**TASK TO CARRY OUT**
Retype the lines below exactly, but only those from the line that has "为了实现USABC的高能量密" through the line that has "High Flight Ground". Omit every picture.

**DATA EXTRACT**

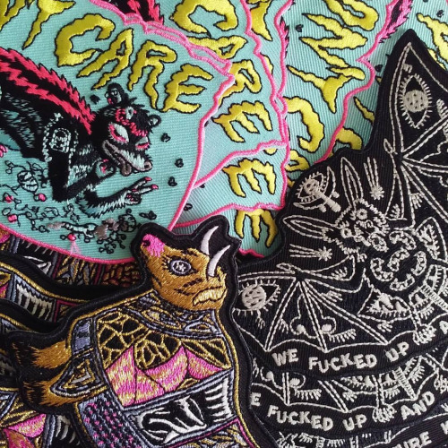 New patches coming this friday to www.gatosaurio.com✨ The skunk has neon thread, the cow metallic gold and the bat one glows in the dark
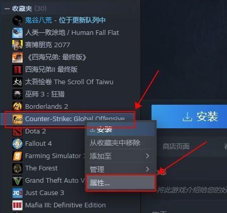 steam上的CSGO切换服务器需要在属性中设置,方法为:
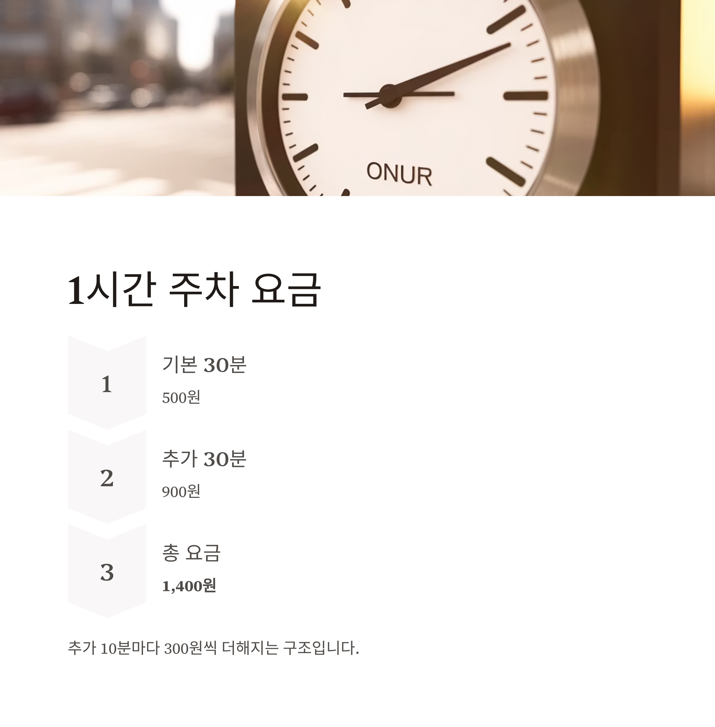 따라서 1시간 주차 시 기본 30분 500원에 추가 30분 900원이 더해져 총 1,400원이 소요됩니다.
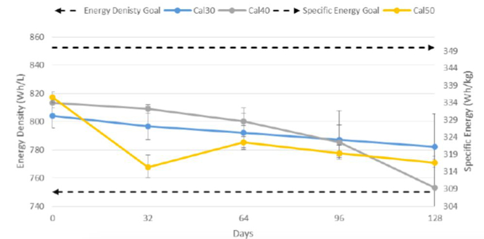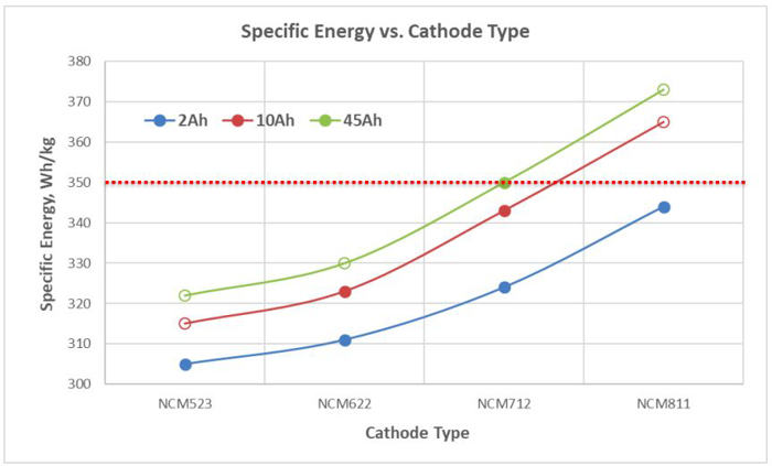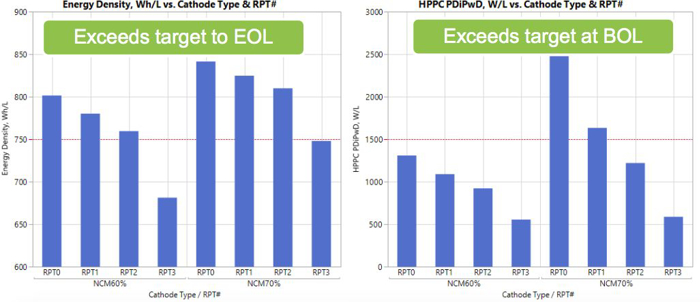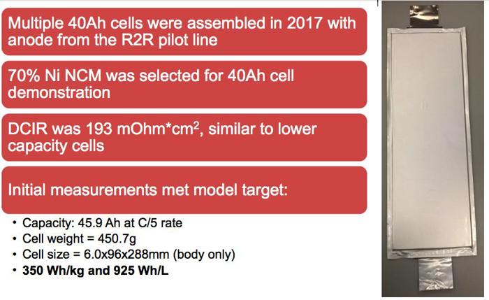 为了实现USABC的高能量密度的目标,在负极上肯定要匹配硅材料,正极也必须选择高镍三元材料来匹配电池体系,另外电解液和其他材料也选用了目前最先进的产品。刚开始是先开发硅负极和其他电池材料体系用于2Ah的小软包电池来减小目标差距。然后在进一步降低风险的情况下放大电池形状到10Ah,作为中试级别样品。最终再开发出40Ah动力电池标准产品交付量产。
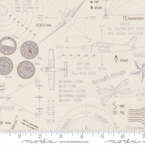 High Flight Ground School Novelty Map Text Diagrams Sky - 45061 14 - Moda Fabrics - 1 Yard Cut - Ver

==

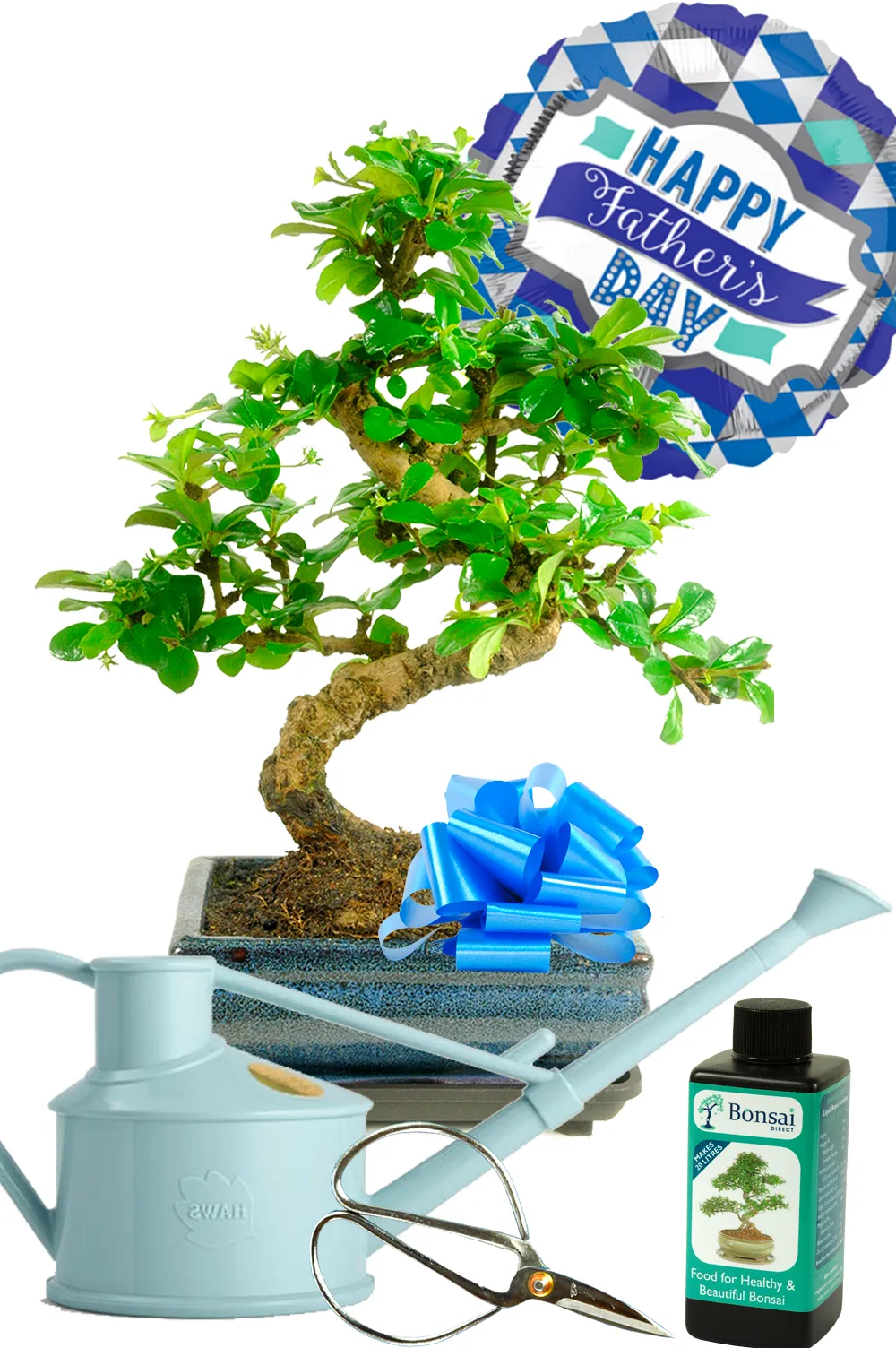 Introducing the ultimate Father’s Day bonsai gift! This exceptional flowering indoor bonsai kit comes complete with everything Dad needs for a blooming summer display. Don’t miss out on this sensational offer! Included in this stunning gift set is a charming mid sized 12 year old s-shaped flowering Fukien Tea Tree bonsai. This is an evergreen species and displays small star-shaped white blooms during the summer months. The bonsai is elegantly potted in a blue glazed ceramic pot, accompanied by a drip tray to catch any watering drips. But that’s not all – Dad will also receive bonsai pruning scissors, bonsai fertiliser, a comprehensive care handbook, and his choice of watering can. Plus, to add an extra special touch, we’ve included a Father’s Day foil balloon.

**ANSWER TO THE EXERCISE**
 为了实现USABC的高能量密度的目标,在负极上肯定要匹配硅材料,正极也必须选择高镍三元材料来匹配电池体系,另外电解液和其他材料也选用了目前最先进的产品。刚开始是先开发硅负极和其他电池材料体系用于2Ah的小软包电池来减小目标差距。然后在进一步降低风险的情况下放大电池形状到10Ah,作为中试级别样品。最终再开发出40Ah动力电池标准产品交付量产。
 High Flight Ground School Novelty Map Text Diagrams Sky - 45061 14 - Moda Fabrics - 1 Yard Cut - Ver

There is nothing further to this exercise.